Maar wel: Ik lees de laatste, of een van de laatste, van Auster en ik wacht tot hij me meeneemt maar kijk, hij doet het niet, het lukt hem niet, misschien komt het nog, ik ben benieuwd. Voor het overige keek ik naar de golven en gisteren keek ik naar de bomen (‘Zij zijn nog een derde’) en naar de blauwe lucht en naar wat overvliegt; vogels, vliegtuigen, sterren, tractoren, restanten van maïs, vallende bladeren, stof bij hoogzon, bijna-droge lakens, ander pluimvee, ja, zoals de eenden van madame Carine, en ook oesters, soeptassen, oleanders, rozen, hortensia’s in buitenaardse maten, volle manen, heuvelwegels waar geen enkele auto op passeert, het huis van madame Paris, en dan, de jeugd op de fiets, nieuwe asfaltlagen, zuchtende honden. Een rijkdom, ik zeg het u, een rijkdom is het, hij vliegt voorbij, alles vliegt voorbij en ik verbrand me er niet aan.


(de bomen, saldo een derde, gsm-foto)

Bewaren

REUTEMETEUT NUMMER HONDERDDRIEENZESTIG

’t Is ’t een en ’t ander hé mijnheer Macharis. Gisteren een man die zijn vrouw de keel over sneed. Eergisteren drie jongeren die met supermachogeweren een groep buurtbewoners neerkogelden. Vorige week vijftien doden in de Chinese wijk en niemand weet wat er gebeurde. En de week daarvoor een gezin van moeder, vader en drie kleine kinderen…

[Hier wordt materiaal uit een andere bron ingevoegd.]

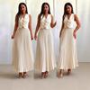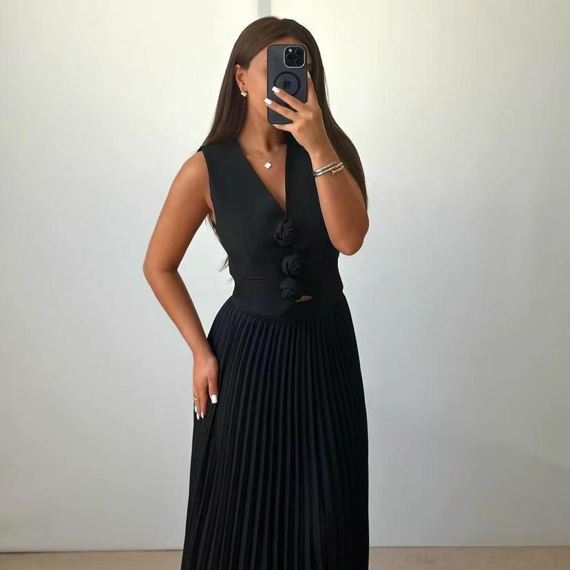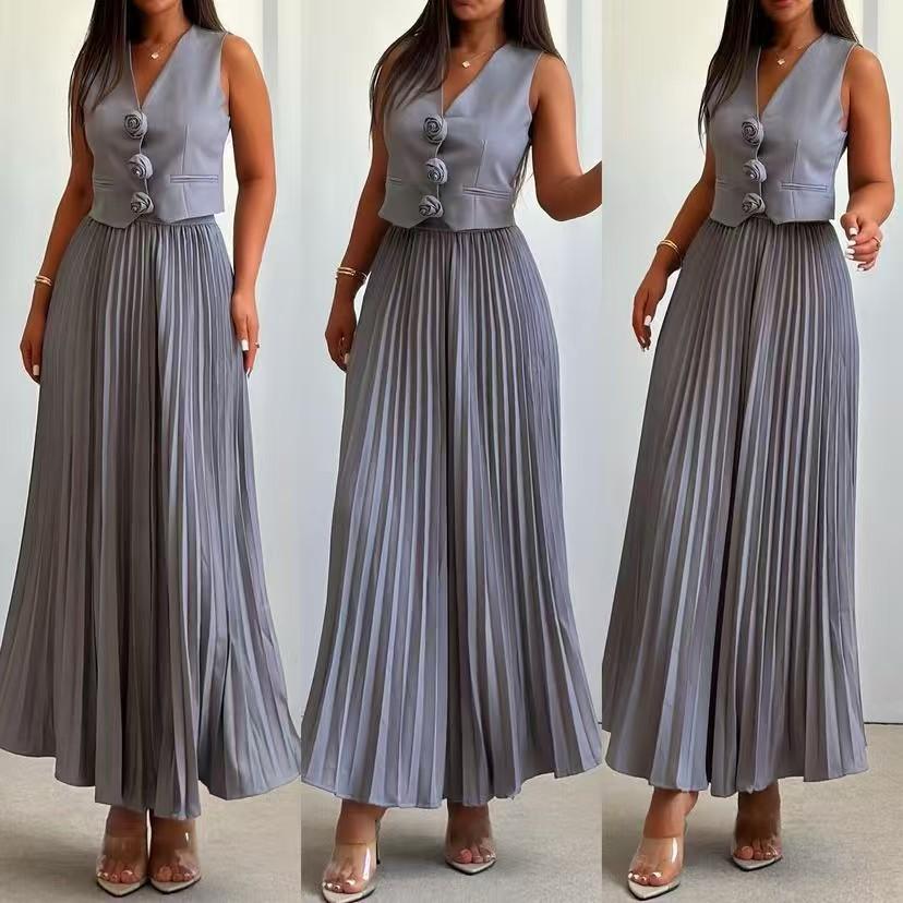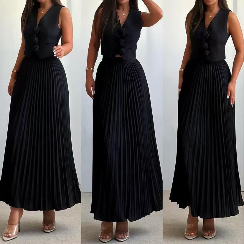 2025 Comercio Exterior Transfronterizo de Amazon Casual Chaleco de Flores Tridimensionales Falda Plisada Traje Ropa de Mujer
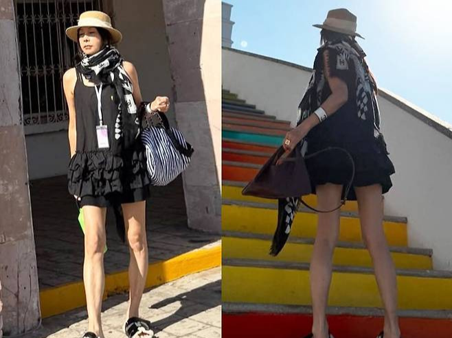 러플 디테일이 돋보이는 미니 원피스는 시원하면서도 고급스러운 느낌을 자아내며, 더운 날씨에도 스타일을 잃지 않는 남다른 패션 감각을 드러냈습니다.
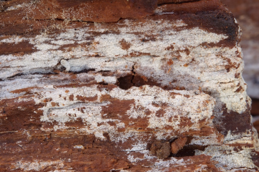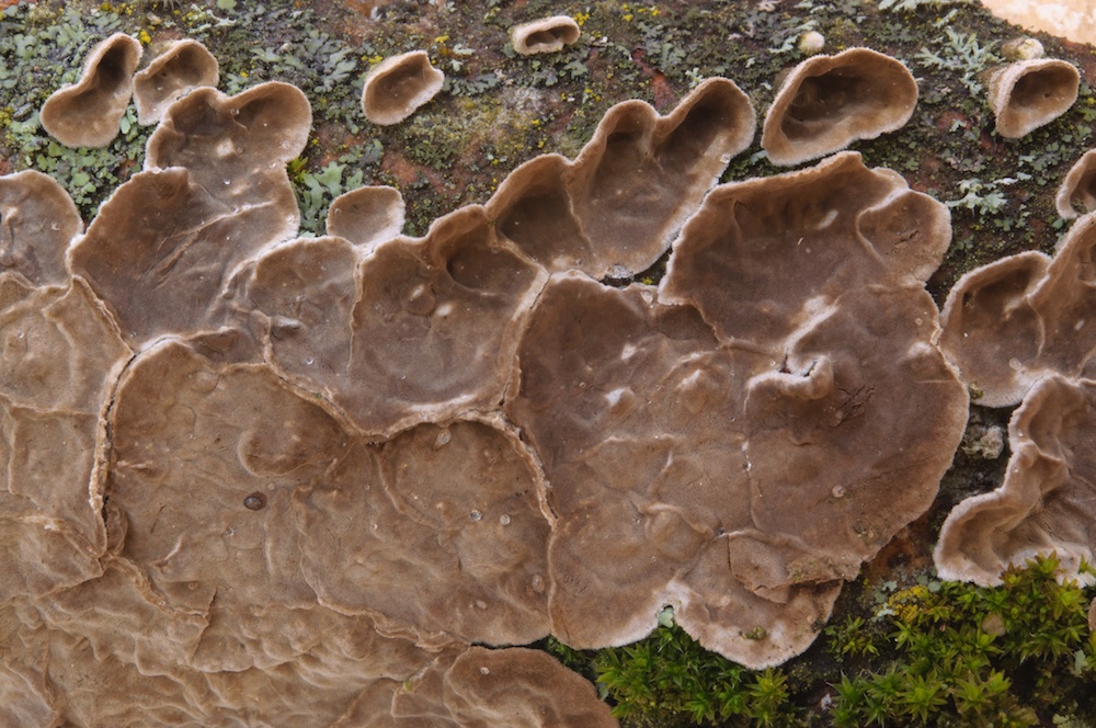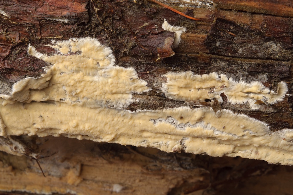 Antrodia serialis: Sehr häufig und sehr variabel, wie man hier sehen kann… Liegender Picea-Stamm. .
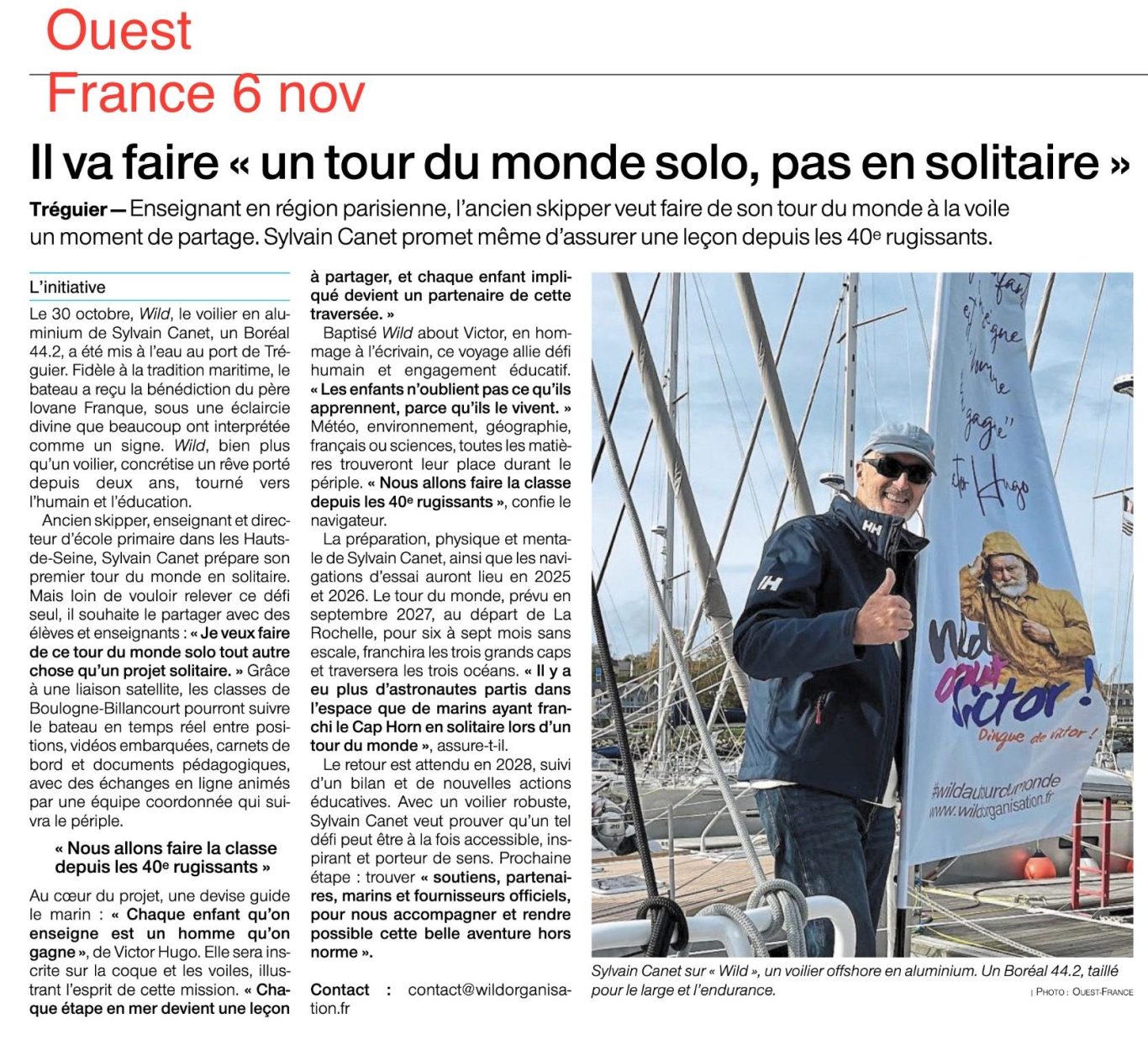 Wild, voilier taillé pour la haute mer, portera la citation célèbre du grand homme universellement connu et reconnu, Victor Hugo : "Chaque enfant qu'on enseigne est un homme qu'on gagne"
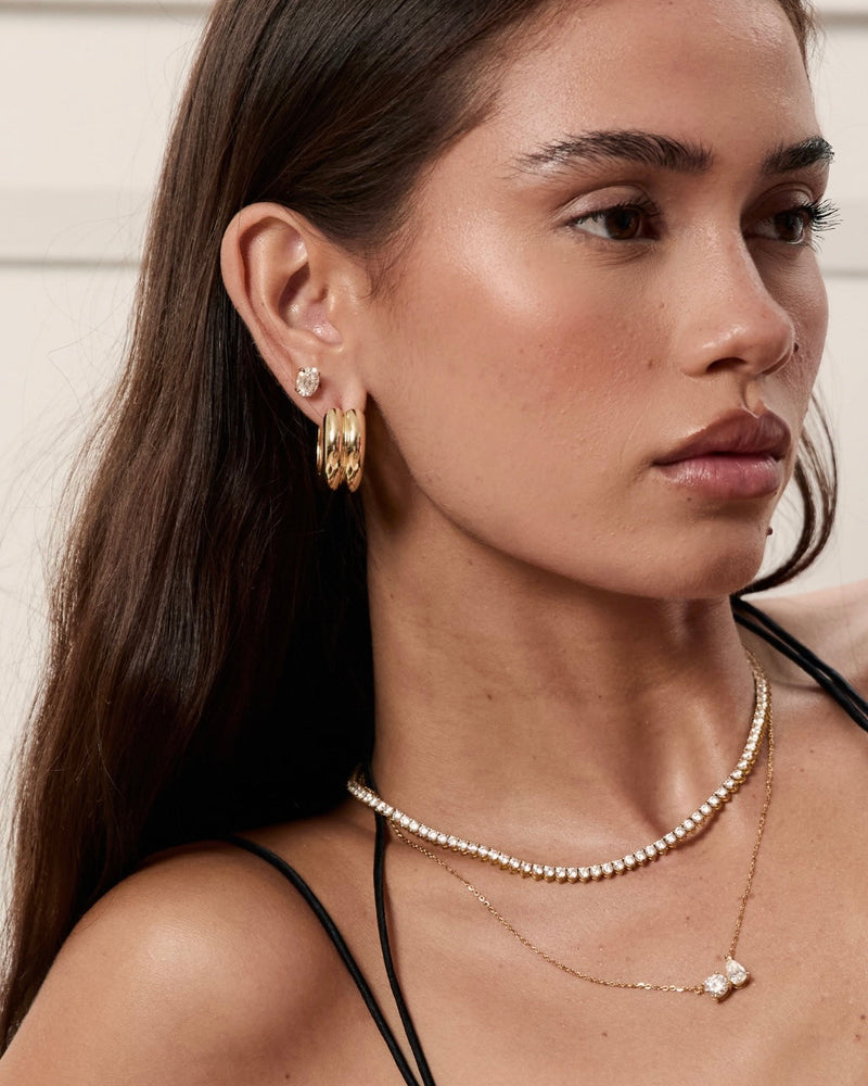 Crafted with a beautifully designed strand of clear CZ stones set in 18K gold, the Tennis necklaces adds a polished, yet glamorous vibe. Perfect on its own or layered with other pieces.

Ik dacht, ik leg die hele reutemeteut naast me neer. Het geweld, de oorlogen, de moordpartijen maar ook het oude bankengedoe en gedwongen faillissementen en overnames door nog grotere groepen. Geen dikkenekburgemeesters meer voor mij. Geen omgekochte douaniers meer – bij ons in de haven…. Het heeft geen naam, mijnheer Macharis… U kunt zich niet voorstellen wat daar het voorbije jaar gebeurde…. En het wordt hoe langer hoe erger….
Maar goed.
Ik dacht ik trek de bossen in, voorgoed. Weg van het geweld en het racisme, weg van het zevenenveertigste geval van omkoping. Weg van de zoveelste aanbesteding die niet klopt. Aaargh, de miljoenen.
Ik dacht dus echt ik trek de bossen in.
Maar wat dan, mijnheer Macharis? Wat doet een mens daar een ganse dag, in het bos? Ik kan toch geen bomen omhakken en blijven bomen omhakken en blijven etc? Of de eekhoorntjes achtervolgen, week na week na week na week? Bovendien, houden die geen winterslaap? Moet ik me dan bij hen neervlijen?
Ik blijf dus nog even gewoon aan het werk, mijnheer Macharis. Ik leg dat laatste omkoopgeval van beambte nummer achthonderdzestien wel naast me neer. Ik doe nog even alsof mijn neus bloedt, nog een maand misschien, of twee, of misschien drie of vier of langer.